● **Task brief**
Line by line, copy the records below exactly and leave the pictures out.
------------------------------------------------
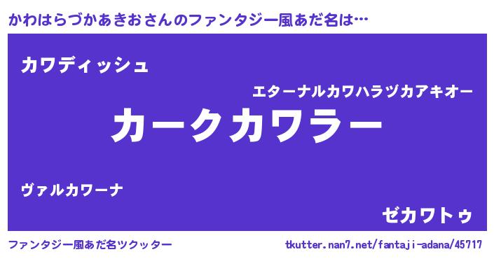 | 意味不明あだ名 | 『永久保存かわはらづかあきお』 |
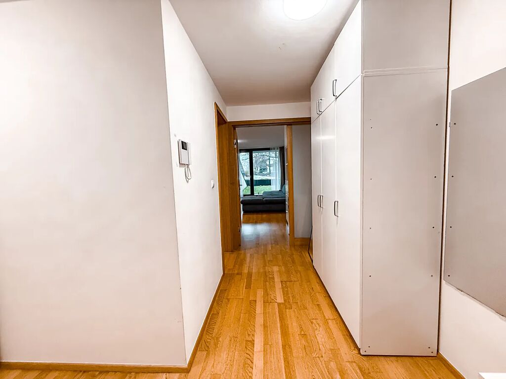 Vstupní chodba nabízí velké množství úložného prostoru díky vestavěným skříním. Hlavní obytná část je příjemně prostorná a kombinuje zónu pro odpočinek, práci i moderní kuchyňský kout.
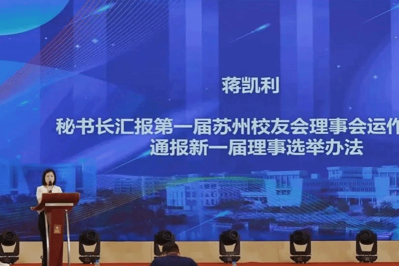 换届大会上,蒋凯利秘书长作365完美体育苏州校友会第一届理事会工作报告。她提到,近年来,苏州校友会的队伍在不断扩大,校友会的组织架构在不断完善,丰富的文体活动也在火热进行中。未来,苏州校友会理事会将以更高的目标,继续完善建设、努力前行。
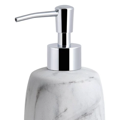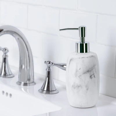 - Hotel inspired marble look soap/lotion pump in white with grey/black vein detailing, brings refreshing style to your spa-like bathroom
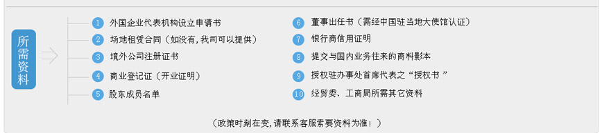 1、外國(地區(qū))企業(yè)有權簽字人簽署的《外國(地區(qū))企業(yè)常駐代表機構設立登記申請書》(原件1份);
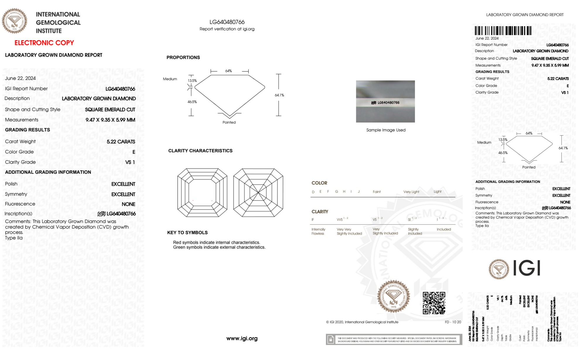 Your 5.22 carat Asscher lab diamond is graded E color (Colorless), and you can read more about E color diamonds here.
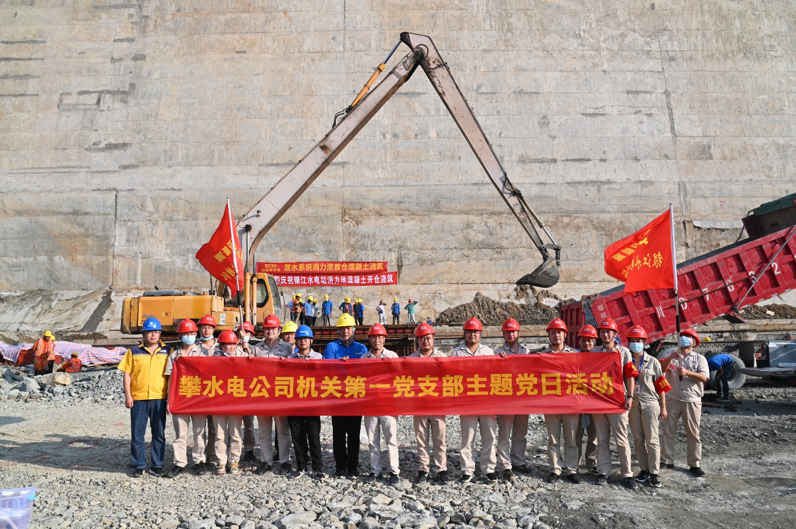 按照銀江水電站“決戰四季度、大干一百天”活動安排,計劃于9月29日下午開始主體工程泄水系統消力池首倉混凝土澆筑。為服務該項重要節點目標的順利實現,9月29日,由機關第一黨支部牽頭,邀請聯建支部部分黨員,到銀江水電站施工現場,開展了主題為“服務消力池首倉混凝土澆筑,在決戰100天活動中貢獻支部力量,以實際行動喜迎二十大”的主題黨日活動。
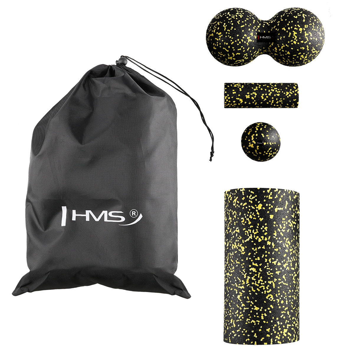 HMS Fitness Massage Set Pro FSBM04 (Massage roller, mini roller, single ball and duo ball) black/yellow
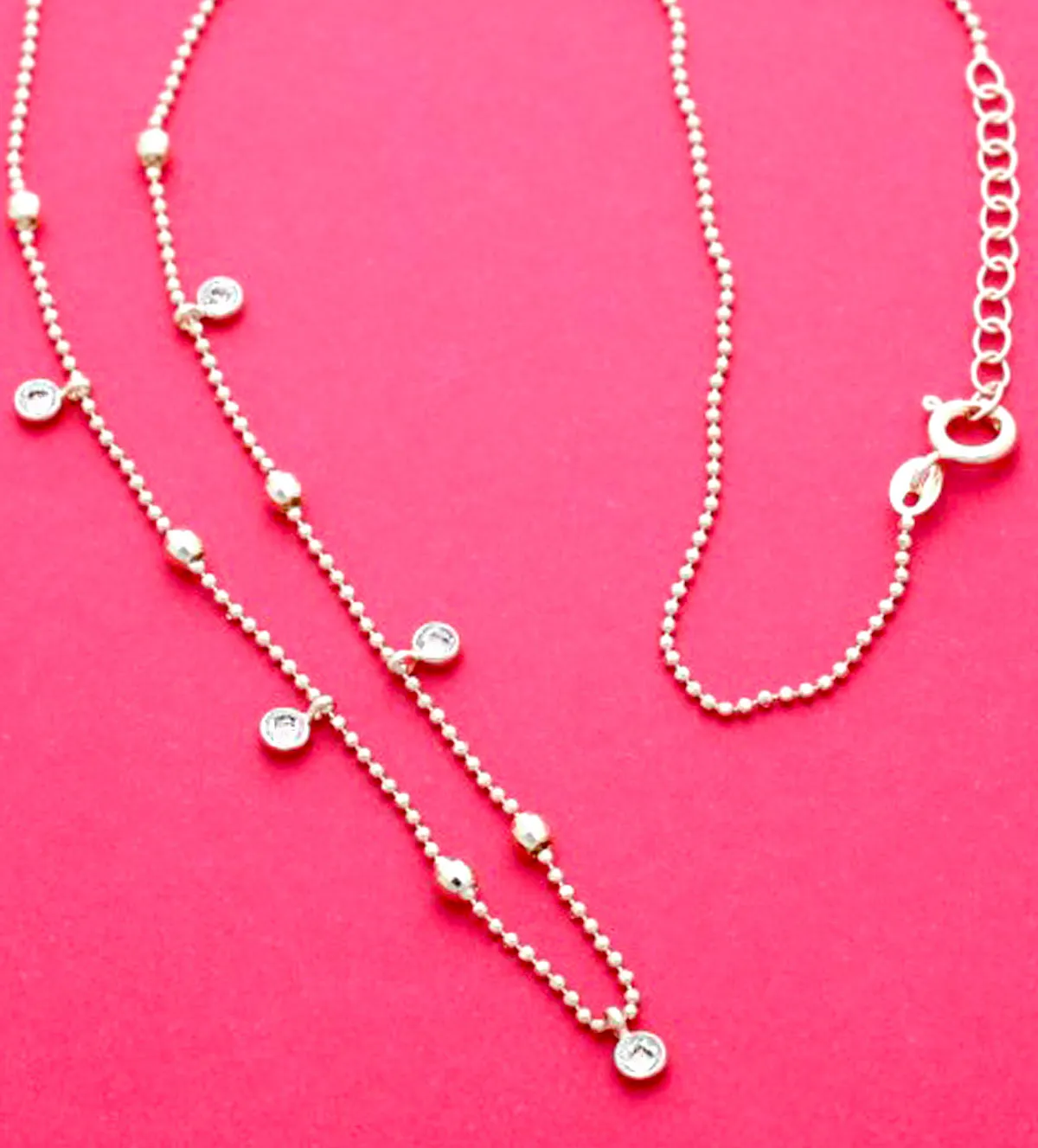 Cadena de bolitas con cinco circonas engastadas en boquillas.
------------------------------------------------
● **Result for this task**
 | 意味不明あだ名 | 『永久保存かわはらづかあきお』 |
 Vstupní chodba nabízí velké množství úložného prostoru díky vestavěným skříním. Hlavní obytná část je příjemně prostorná a kombinuje zónu pro odpočinek, práci i moderní kuchyňský kout.
 换届大会上,蒋凯利秘书长作365完美体育苏州校友会第一届理事会工作报告。她提到,近年来,苏州校友会的队伍在不断扩大,校友会的组织架构在不断完善,丰富的文体活动也在火热进行中。未来,苏州校友会理事会将以更高的目标,继续完善建设、努力前行。
 - Hotel inspired marble look soap/lotion pump in white with grey/black vein detailing, brings refreshing style to your spa-like bathroom
 1、外國(地區(qū))企業(yè)有權簽字人簽署的《外國(地區(qū))企業(yè)常駐代表機構設立登記申請書》(原件1份);
 Your 5.22 carat Asscher lab diamond is graded E color (Colorless), and you can read more about E color diamonds here.
 按照銀江水電站“決戰四季度、大干一百天”活動安排,計劃于9月29日下午開始主體工程泄水系統消力池首倉混凝土澆筑。為服務該項重要節點目標的順利實現,9月29日,由機關第一黨支部牽頭,邀請聯建支部部分黨員,到銀江水電站施工現場,開展了主題為“服務消力池首倉混凝土澆筑,在決戰100天活動中貢獻支部力量,以實際行動喜迎二十大”的主題黨日活動。
 HMS Fitness Massage Set Pro FSBM04 (Massage roller, mini roller, single ball and duo ball) black/yellow
 Cadena de bolitas con cinco circonas engastadas en boquillas.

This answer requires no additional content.